A valuation allowance against the deferred tax assets is not considered
necessary, because it is more likely than not that the deferred tax assets will
be fully realized.

At December 31, 2003, the Company had state loss carry-forwards of
$22,000,000, which may be used to offset future income. These loss
carry-forwards are available for use against future state income until they
expire between the years 2007 and 2023.

The following is a reconciliation between the effective income tax rate and
the applicable statutory federal income tax rate:



FOR THE YEARS ENDED DECEMBER 31,
--------------------------------
2001 2002 2003
-------- --------- ---------

Federal statutory rate................................ 35.00% -35.00% -35.00%
State income taxes, net of federal benefit............ 4.60% -5.38% -4.91%
Nondeductible expenses and other...................... -1.40% 0.38% -0.09%
------ ------- -------
Effective income tax rate............................. 38.20% -40.00% -40.00%
====== ======= =======


I. COMMITMENTS AND CONTINGENCIES:

OPERATING AND CAPITAL LEASES

The Company's lease for its facility in Woburn, Massachusetts expires in
2005. In 2003, the Company vacated the facilities in Waltham, Massachusetts,
Newark, California and Herndon, Virginia and negotiated early terminations of
the outstanding leases.

F-20

MICROFINANCIAL INCORPORATED

NOTES TO CONSOLIDATED FINANCIAL STATEMENTS -- (CONTINUED)

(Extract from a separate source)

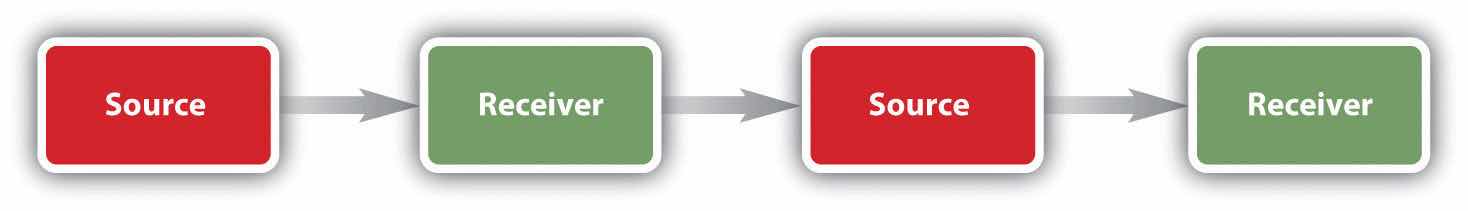 One of the biggest concerns that some people have with the interactional model of communication is that it tends to place people into the category of either source or receiver with no overlap. Even with Schramm’s model, encoding and decoding are perceived as distinct for sources and receivers. Furthermore, the interactional model cannot handle situations where multiple sources are interacting at the same time.Mortenson, C. D. (1972). Communication: The study of human communication. New York, NY: McGraw-Hill. To address these weaknesses, Dean Barnlund proposed a transactional model of communication.Barnlund, D. C. (2008). A transactional model of communication. In C. D. Mortensen (Ed.), Communication theory (2nd ed., pp. 47–57). New Brunswick, NJ: Transaction. The basic premise of the transactional model is that individuals are sending and receiving messages at the same time. Whereas the interactional model has individuals engaging in the role of either source or receiver and the meaning of a message is sent from the source to the receiver, the transactional model assumes that meaning is cocreated by both people interacting together.

The Company also has entered into various operating lease agreements
ranging from three to four years for additional office equipment. At December
31, 2003, the future minimum lease payments under non-cancelable operating
leases with remaining terms in excess of one year are as follows:



FOR THE YEARS ENDED DECEMBER 31,
- --------------------------------

2004........................................................ $ 585
2005........................................................ 585
2006........................................................ --
2007........................................................ --
------
Total....................................................... $1,170
======


Rental expense under operating leases totaled $1,998,000, $2,321,000 and
$1,620,000 for the years ended December 31, 2001, 2002, and 2003, respectively.
Rental expense for the year ended 2002 includes $316,000 for the net present
value for the remaining lease payments on office space that was not being
utilized.

The Company has entered into various capital lease agreements ranging from
three to four years for office equipment, computer equipment and
telecommunication systems. At December 31, 2003, future minimum lease payments
under capital leases were as follows:



FOR THE YEARS ENDED DECEMBER 31,
- --------------------------------

2004........................................................ $164
2005........................................................ 56
2006........................................................ --
2007........................................................ --
----
Total minimum lease payments................................ 220
Less amounts representing interest.......................... (11)
----
Total....................................................... $209
====


LEGAL MATTERS

Management believes, after consultation with counsel, that the allegations
against the Company included in the lawsuits described below are subject to
substantial legal defenses, and the Company is vigorously defending each of the
allegations. The Company also is subject to claims and suits arising in the
ordinary course of business. At this time, it is not possible to estimate the
ultimate loss or gain, if any, related to these lawsuits, nor if any such loss
will have a material adverse effect on the Company's results of operations or
financial position.

A. The Company filed an action in the United States District Court for the
District of Massachusetts against Sentinel Insurance Company, Ltd.,
("Sentinel"), Premier Holidays International, Inc., ("Premier") and Daniel
DelPiano ("DelPiano") arising from Premier's October, 1999, default on its
repayment obligations to the Company under a Twelve Million Dollar ($12,000,000)
loan. Judgment has been entered in this case against Sentinel, which had issued
a business performance insurance policy guaranteeing repayment of the loan, in
the amount of Fourteen Million Dollars ($14,000,000). This judgment has not been
satisfied. Sentinel is currently undergoing liquidation proceedings, and a claim
in this amount has been filed with the bankruptcy court. The Company's case
against Premier and DelPiano was tried in November 2003, and was decided by the
Court in March 2004. The Court entered a judgment for the Company against
Premier and DelPiano, jointly and severally, on all of the Company's counts,
including fraud and violation of Massachusetts General Laws, Chapter 9A, and
dismissing with prejudice all of Premier and DelPiano's claims and
counterclaims. The

F-21

MICROFINANCIAL INCORPORATED

NOTES TO CONSOLIDATED FINANCIAL STATEMENTS -- (CONTINUED)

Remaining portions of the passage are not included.